Earlier this week, Bastian wrote another letter to employees in which he said the airline would cut 70% of it scheduled flights and that it would park 600 of its jets, more than half of its fleet. He also warned that involuntary furloughs or pay cuts might be necessary.

"I know everyone is concerned about the security of your jobs and pay. Given the uncertainty about the duration of this crisis, we are not yet at a point to make any decisions," he wrote on Wednesday. "And those are very painful decisions to even consider. In this unpredictable environment we can't take any options off the table, but any steps that would affect your jobs or pay rates would be the absolute last thing we would do, and only if necessary to secure Delta's long-term future."
5:03 p.m. ET, March 20, 2020

This brewery will produce hand sanitizer for Delaware

From CNN’s Tanika Gray

John Greim/LightRocket/Getty Images/File
John Greim/LightRocket/Getty Images/File

The state of Delaware and the Dogfish Head Craft Brewery are teaming up to make more hand sanitizer available to the state’s government, according to a statement from Delaware Gov. John Carney.
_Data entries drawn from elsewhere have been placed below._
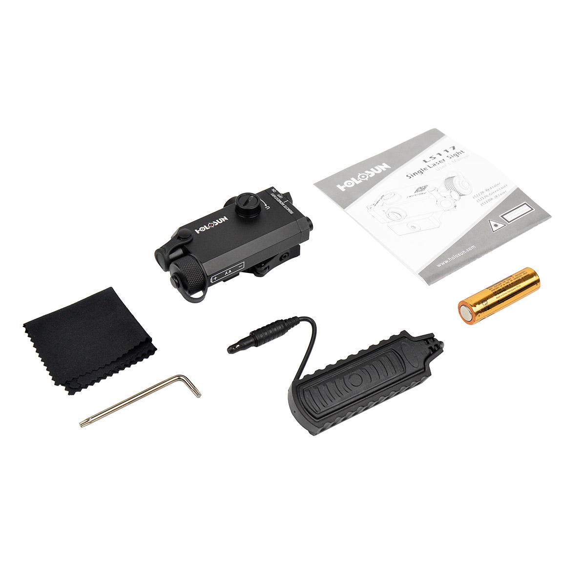 Holosun LS117-GR (LS117G) — це легкий та компактний лазерний цілевказівник, призначений для полегшення прицільного вогню на дистанціях 25 - 100 метрів. Пристрій ідеально проявить себе в несприятливих навколишніх умовах, таких як туман, задимлення, димові завіси тощо, коли традиційне наведення на ціль ускладнюється. Лазерне випромінювання зеленого кольору з довжиною хвилі 520 нм має максимальну потужність 5 мВт та відповідає класу IIIa.
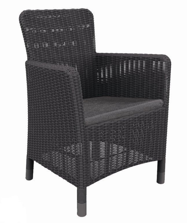 Zaoblené tvary opěradla, ručních opěrek a pohodlná měkká sedací podložka poskytují opravdu komfortní posezení a příjemný relax, který si rychle oblíbíte. Design umělého pleteného ratanu zaujme na první pohled a křeslo díky svému vzhledu zapadne dokonale do každého interiéru i venkovních prostor. Materiál křesla je odolný vůči vlhkosti a UV záření, takže se nemusíte bát nechávat křeslo venku třeba celou sezónu. Barva nevybledne a umělý materiál nepodléhá zkáze hnilobou jako přírodní materiály.
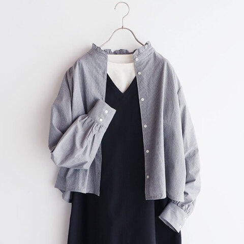 身幅にほどよくゆとりを持たせたシルエット。着丈を少しコンパクトにすることで、ワイドパンツやフレアスカートなどボリュームのあるボトムスを合わせてもバランスよく仕上がります。襟元だけにあしらったフリルも別注のこだわりポイント。華やかさをプラスしつつ、クラシカルで落ち着いた印象を与えます。
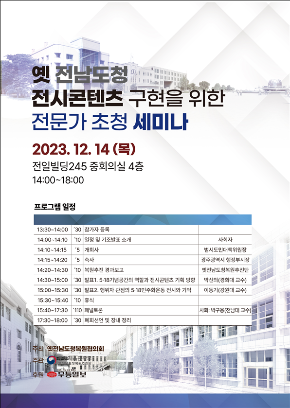[세종타임즈] 문화체육관광부와 광주광역시, 옛전남도청복원범시도민대책위로 구성한 옛전남도청복원협의회는 12월 14일 오후 2시, 전일빌딩245 중회의실에서 ‘옛 전남도청 전시콘텐츠 구현을 위한 전문가 초청 세미나’를 개최한다.
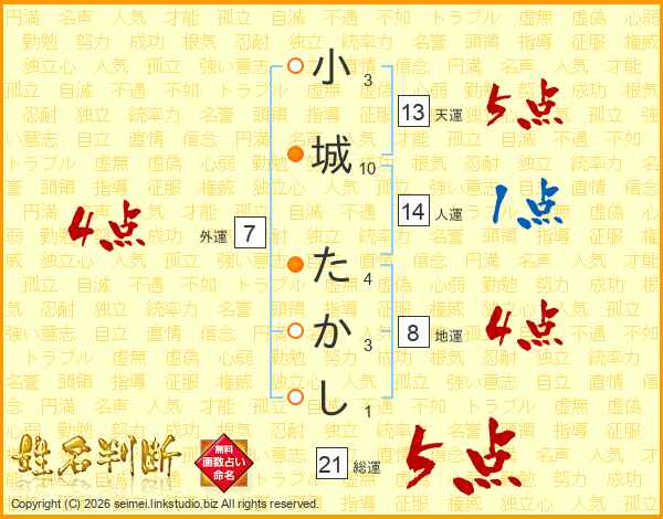 小城たかしさんの総運は21画の5点!
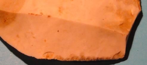 Voici un éclat avec un beau bulbe de percussion.on distigue sur la partie droite de la première photo des retouches ? Peut etre plus liées à l'utilisation....
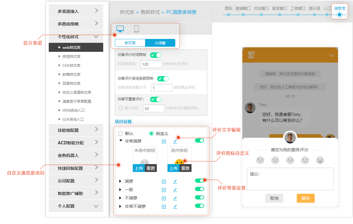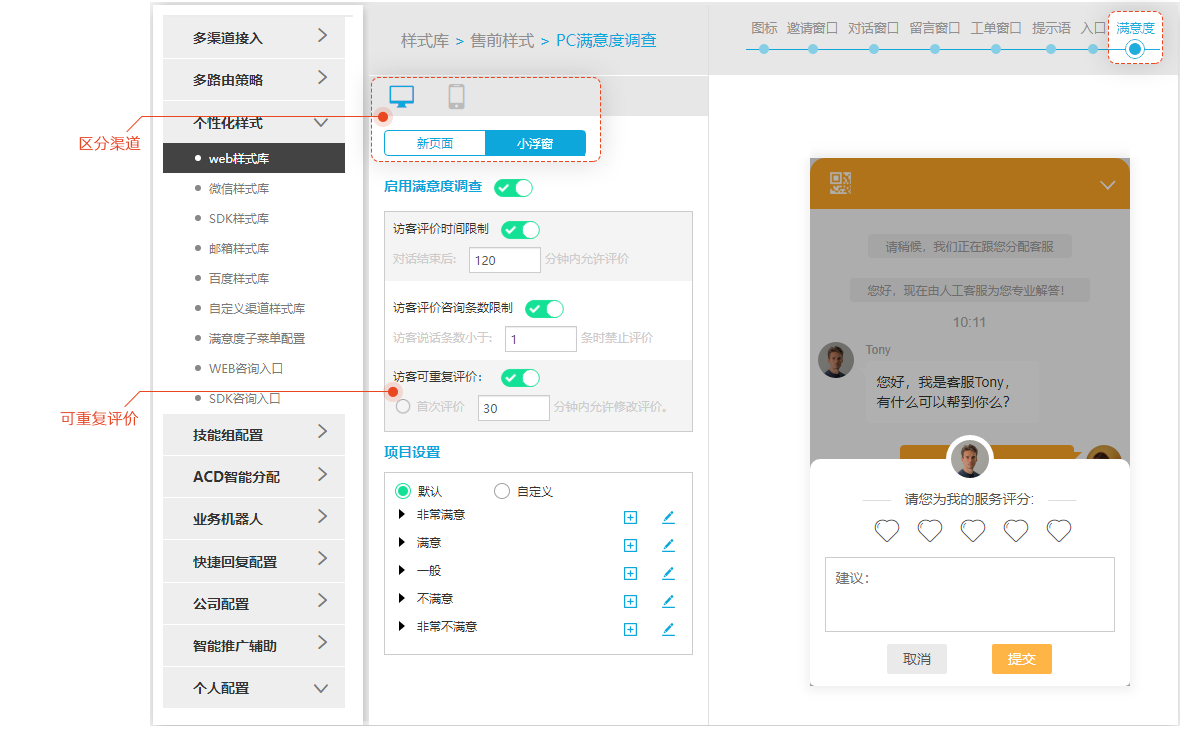 一、自定义满意度评价表单设置
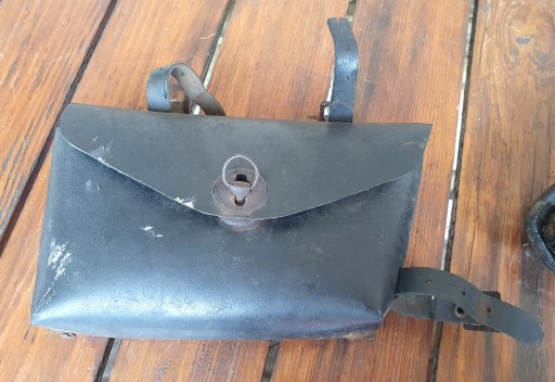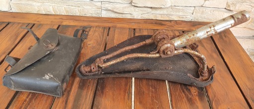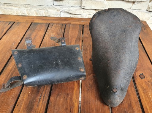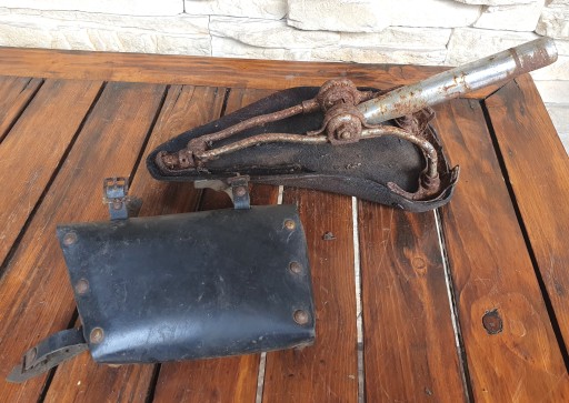 Oferuję komplet, w skład którego wchodzą części od zabytkowego roweru - siodełko oraz torba rowerowa.

Dogfish Head will sell the sanitizer to the state of Delaware at market price, and 100% of the profits will go into a fund to support Delawareans affected by the Covid-19 pandemic, the statement said.

According to the statement, the craft brewery has dedicated its sanitizer inventory to fulfilling critical needs of the state, including providing the product to health care facilities and first responders.

“I never thought Dogfish Head would be in the sanitizer business. But this is a time of crisis, and necessity is the mother of invention,” Sam Calagione, founder of Dogfish Head, said in the statement. “It is our duty to do what we can to keep as many people safe and healthy in our community.”
4:48 p.m. ET, March 20, 2020

Large increase in firearms purchases during pandemic contributed to background check delays

From CNN's Devon Sayers

A large increase in firearms purchases during the coronavirus pandemic contributed to a delay in background checks for firearms, according to a statement from the Tennessee Bureau of Investigation.

TBI processed a total of 14,657 transactions between March 12 and March 16, the statement said. 

During a comparable five-day period, Feb. 13 through Feb. 17, they processed only 7,901 transactions, according to the statement.

A shortage in staff and an unplanned technical outage also contributed to the delay, the statement said.